(Source records)
== == ==

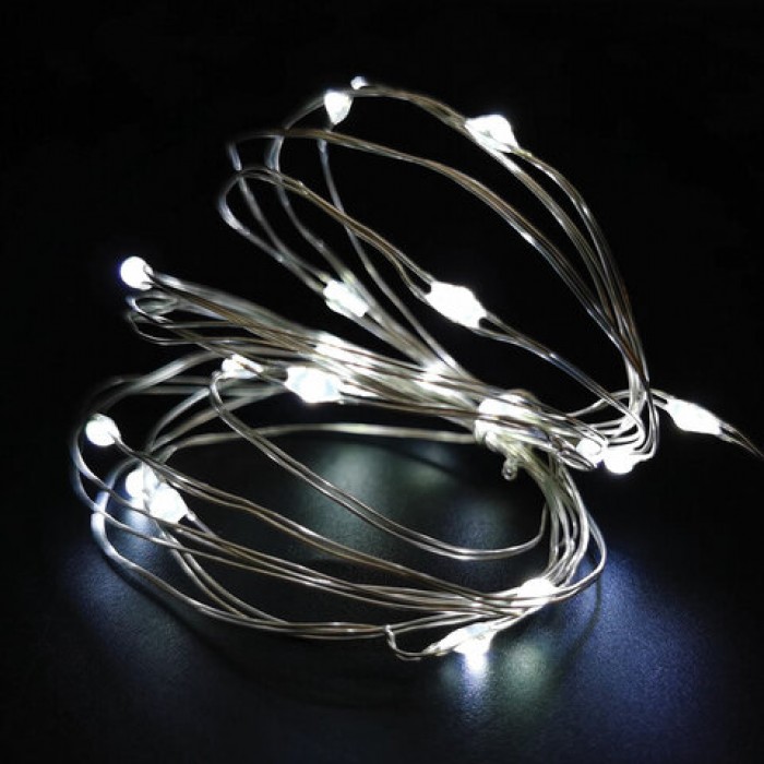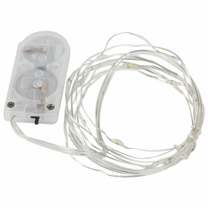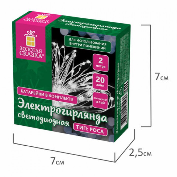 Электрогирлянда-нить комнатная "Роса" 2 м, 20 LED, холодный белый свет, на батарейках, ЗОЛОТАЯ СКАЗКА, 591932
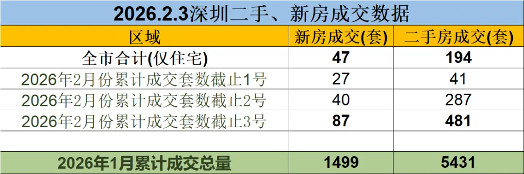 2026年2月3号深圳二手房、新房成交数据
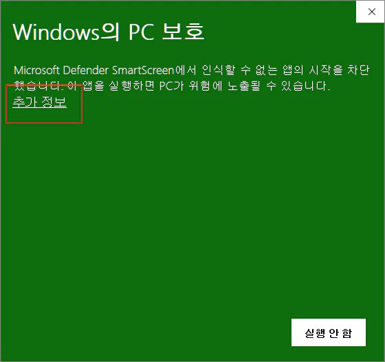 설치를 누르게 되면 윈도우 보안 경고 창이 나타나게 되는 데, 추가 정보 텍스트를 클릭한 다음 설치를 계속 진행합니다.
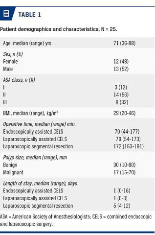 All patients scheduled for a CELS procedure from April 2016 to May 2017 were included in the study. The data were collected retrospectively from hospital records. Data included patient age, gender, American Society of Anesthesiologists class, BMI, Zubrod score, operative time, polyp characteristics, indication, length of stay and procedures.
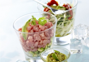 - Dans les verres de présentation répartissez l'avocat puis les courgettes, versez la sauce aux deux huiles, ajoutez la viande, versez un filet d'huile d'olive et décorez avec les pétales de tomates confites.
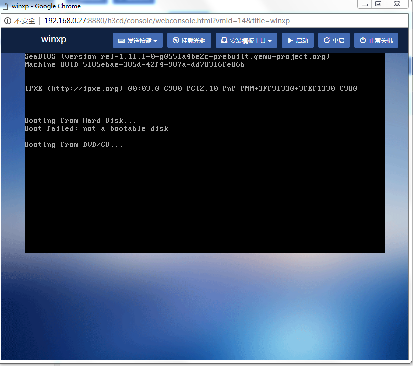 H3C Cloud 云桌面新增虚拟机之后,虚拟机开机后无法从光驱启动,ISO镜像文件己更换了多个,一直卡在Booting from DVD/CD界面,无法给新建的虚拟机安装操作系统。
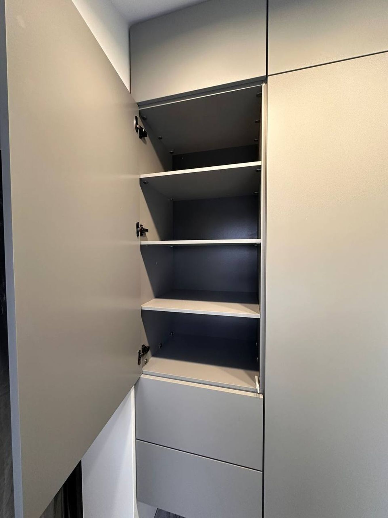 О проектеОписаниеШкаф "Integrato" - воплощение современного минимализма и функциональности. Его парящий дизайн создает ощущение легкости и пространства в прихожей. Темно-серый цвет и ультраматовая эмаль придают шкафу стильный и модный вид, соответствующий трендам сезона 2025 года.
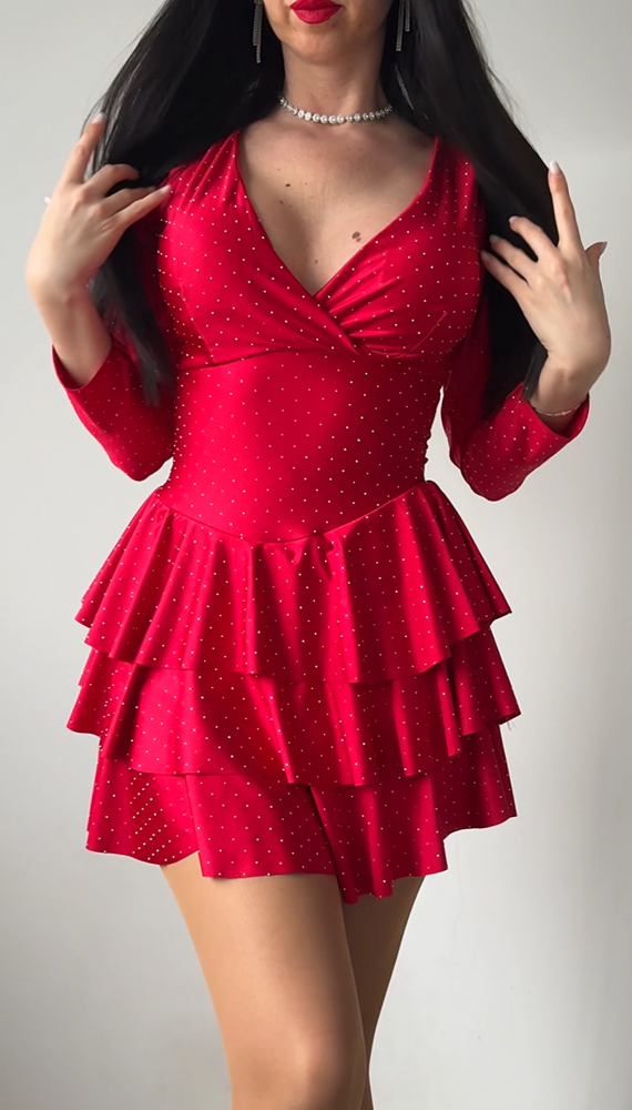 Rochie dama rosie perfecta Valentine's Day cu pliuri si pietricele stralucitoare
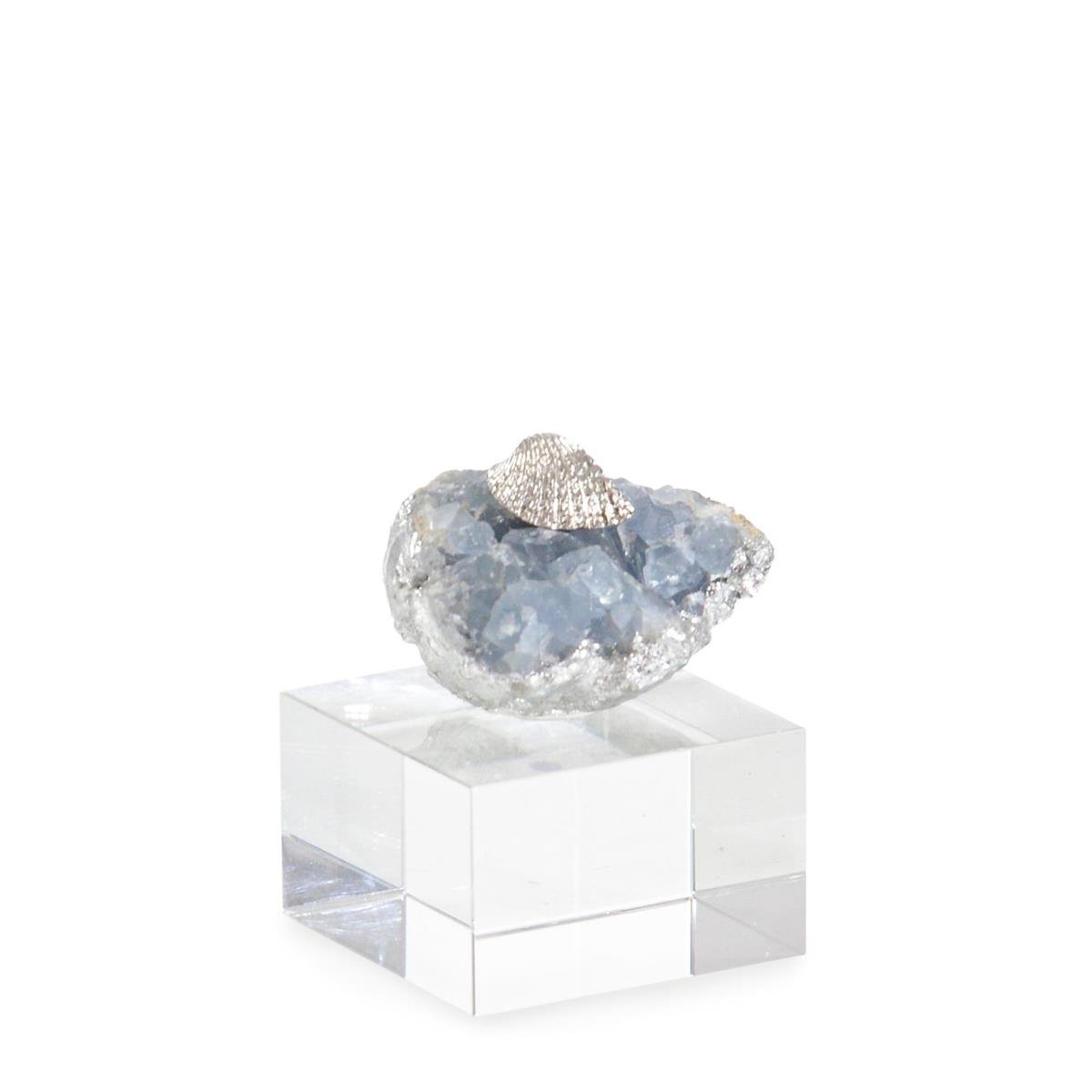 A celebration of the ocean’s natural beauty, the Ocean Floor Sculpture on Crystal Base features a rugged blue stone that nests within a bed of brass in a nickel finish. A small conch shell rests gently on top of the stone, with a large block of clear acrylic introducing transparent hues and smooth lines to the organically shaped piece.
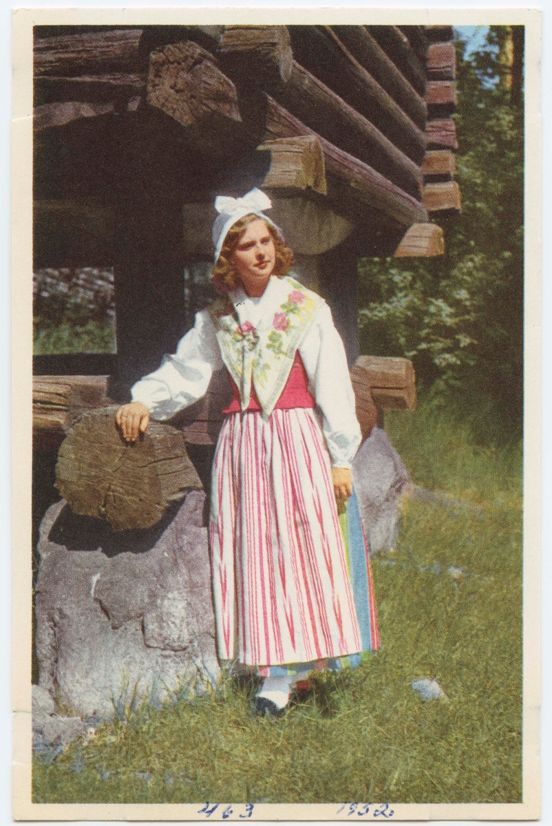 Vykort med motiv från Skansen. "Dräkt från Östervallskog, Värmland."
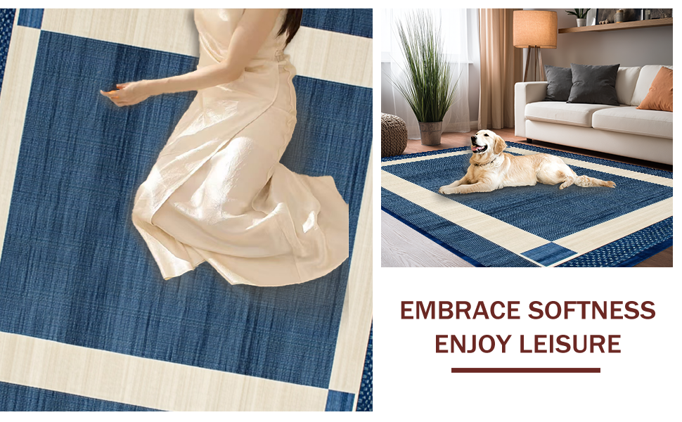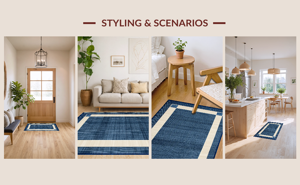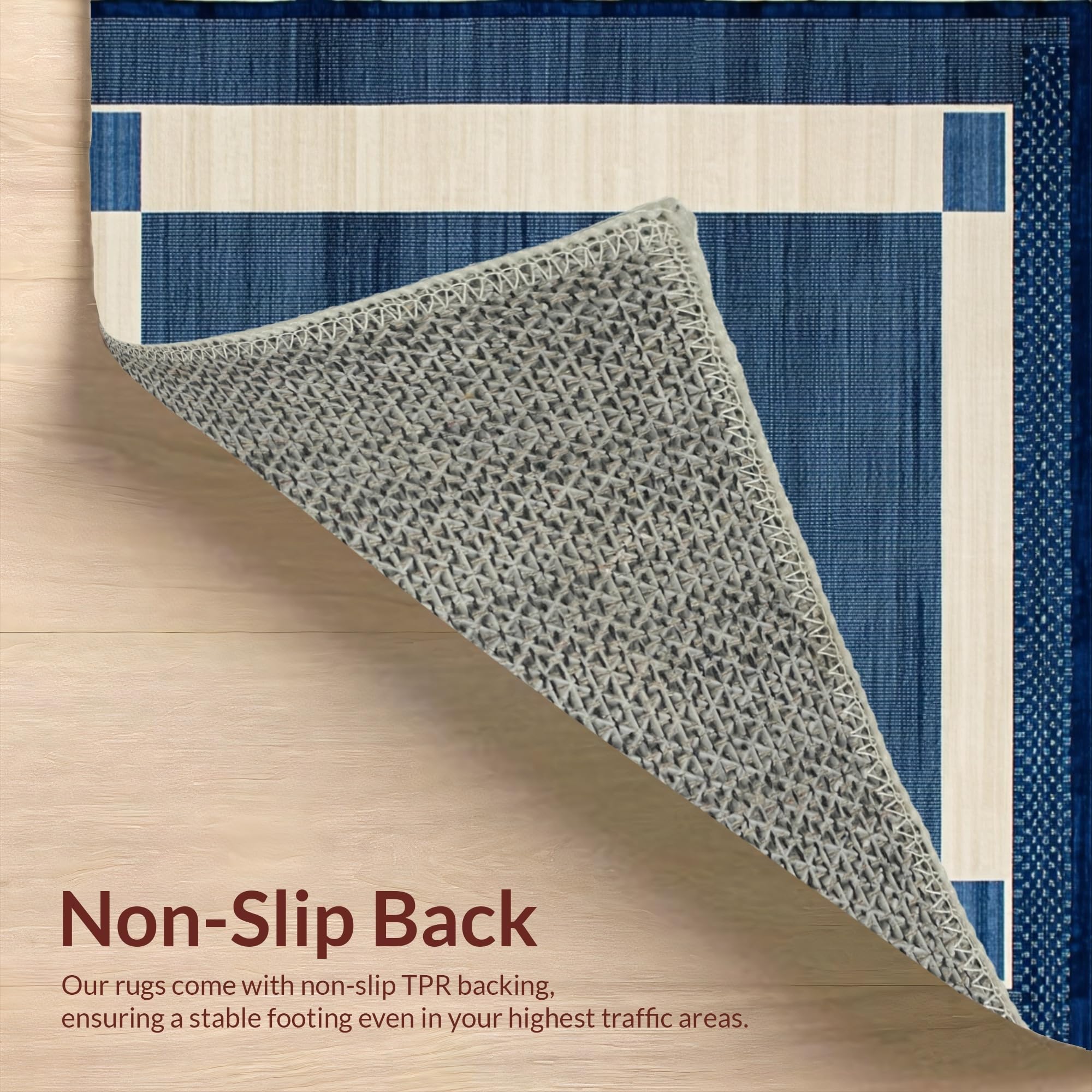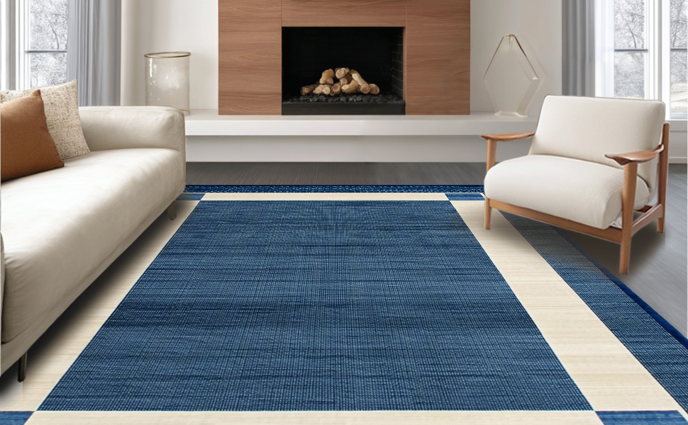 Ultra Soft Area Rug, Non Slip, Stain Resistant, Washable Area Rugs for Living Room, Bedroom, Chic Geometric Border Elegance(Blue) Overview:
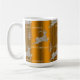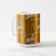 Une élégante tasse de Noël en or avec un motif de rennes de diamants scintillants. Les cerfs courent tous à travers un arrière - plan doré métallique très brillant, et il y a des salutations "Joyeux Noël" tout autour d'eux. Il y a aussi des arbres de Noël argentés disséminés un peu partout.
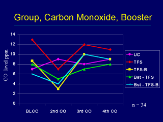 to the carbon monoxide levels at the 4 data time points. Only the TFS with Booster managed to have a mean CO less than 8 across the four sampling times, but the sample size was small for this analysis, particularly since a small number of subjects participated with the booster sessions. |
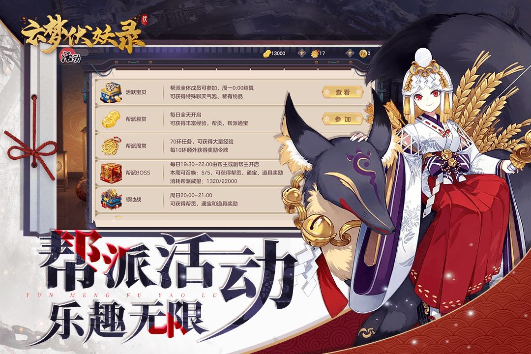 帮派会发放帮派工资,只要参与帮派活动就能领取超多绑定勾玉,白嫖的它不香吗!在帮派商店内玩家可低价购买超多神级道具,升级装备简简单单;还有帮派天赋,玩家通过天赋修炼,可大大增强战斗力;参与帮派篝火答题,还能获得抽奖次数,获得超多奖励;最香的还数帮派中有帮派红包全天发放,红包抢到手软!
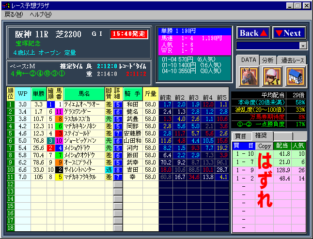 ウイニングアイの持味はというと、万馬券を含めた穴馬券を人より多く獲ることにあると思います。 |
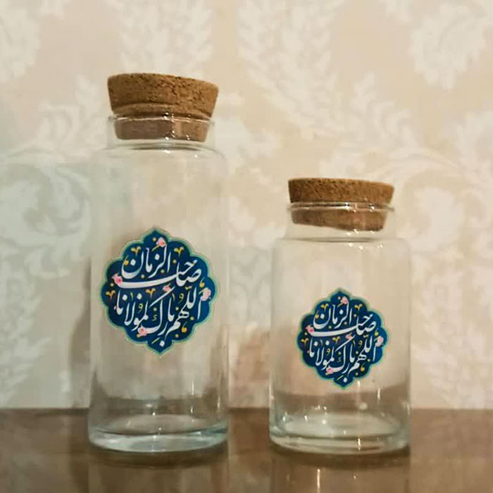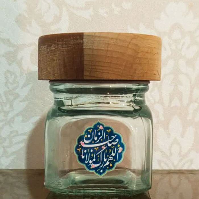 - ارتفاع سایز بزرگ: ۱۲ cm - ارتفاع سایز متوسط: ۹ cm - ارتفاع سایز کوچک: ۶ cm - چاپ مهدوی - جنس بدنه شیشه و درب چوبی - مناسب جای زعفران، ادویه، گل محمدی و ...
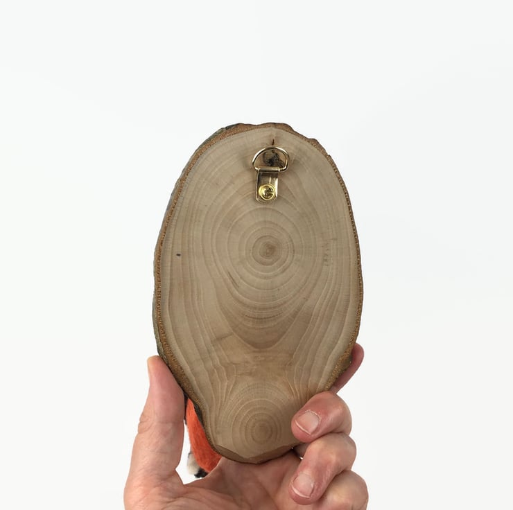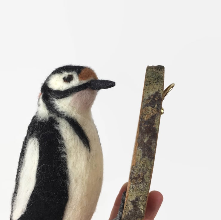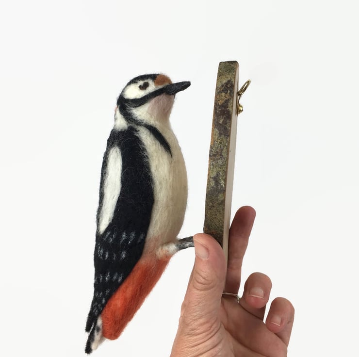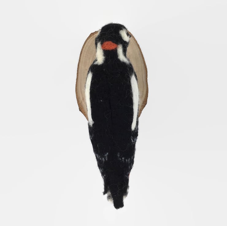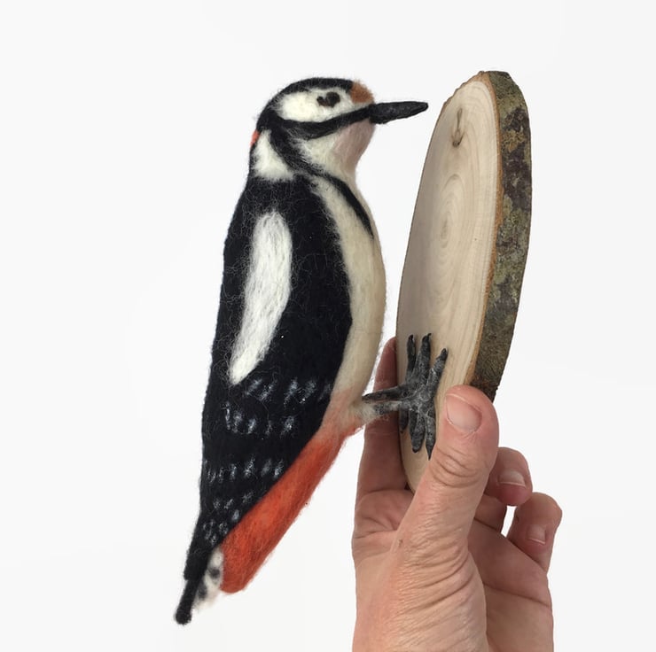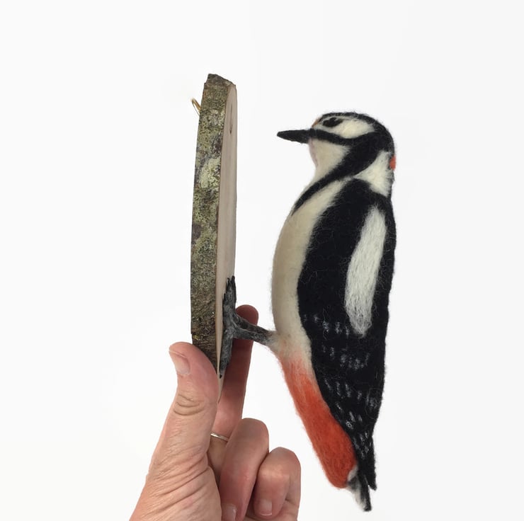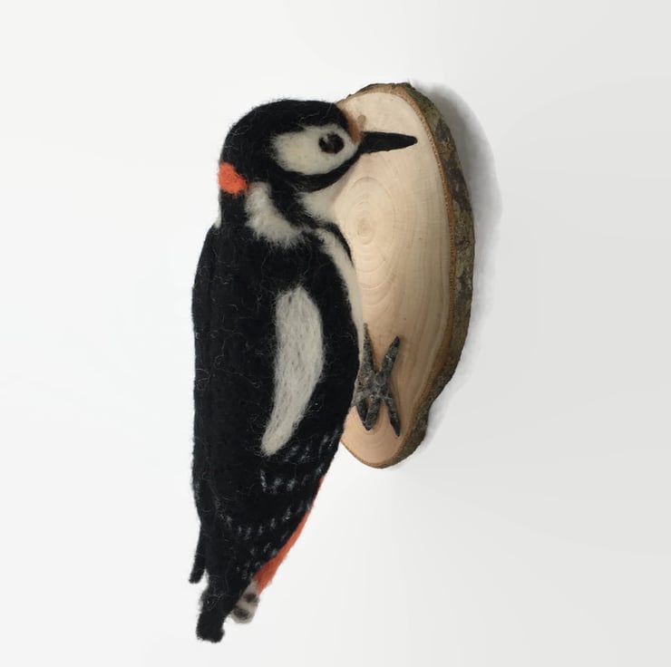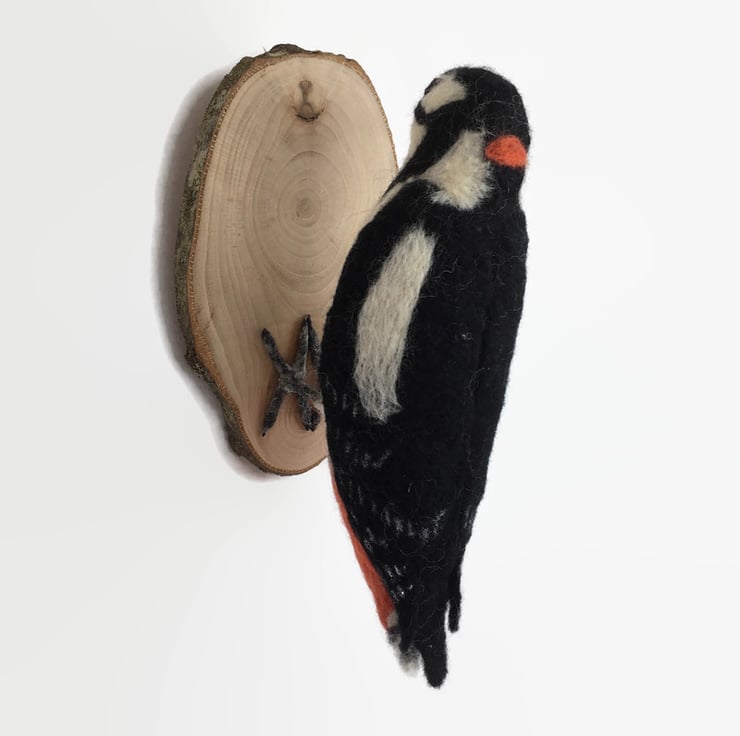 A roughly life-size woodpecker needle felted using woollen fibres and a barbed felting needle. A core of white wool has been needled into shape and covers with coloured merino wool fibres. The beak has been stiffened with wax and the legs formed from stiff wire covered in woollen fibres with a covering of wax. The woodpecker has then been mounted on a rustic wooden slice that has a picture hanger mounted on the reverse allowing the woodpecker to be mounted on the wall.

== == ==

(Requirement)
Starting at the line above that contains "Vykort med motiv", transcribe every line exactly through the line that contains "Une élégante tasse", including that last one, and skip the pictures.

(Exercise response)
 Vykort med motiv från Skansen. "Dräkt från Östervallskog, Värmland."
 Ultra Soft Area Rug, Non Slip, Stain Resistant, Washable Area Rugs for Living Room, Bedroom, Chic Geometric Border Elegance(Blue) Overview:
 Une élégante tasse de Noël en or avec un motif de rennes de diamants scintillants. Les cerfs courent tous à travers un arrière - plan doré métallique très brillant, et il y a des salutations "Joyeux Noël" tout autour d'eux. Il y a aussi des arbres de Noël argentés disséminés un peu partout.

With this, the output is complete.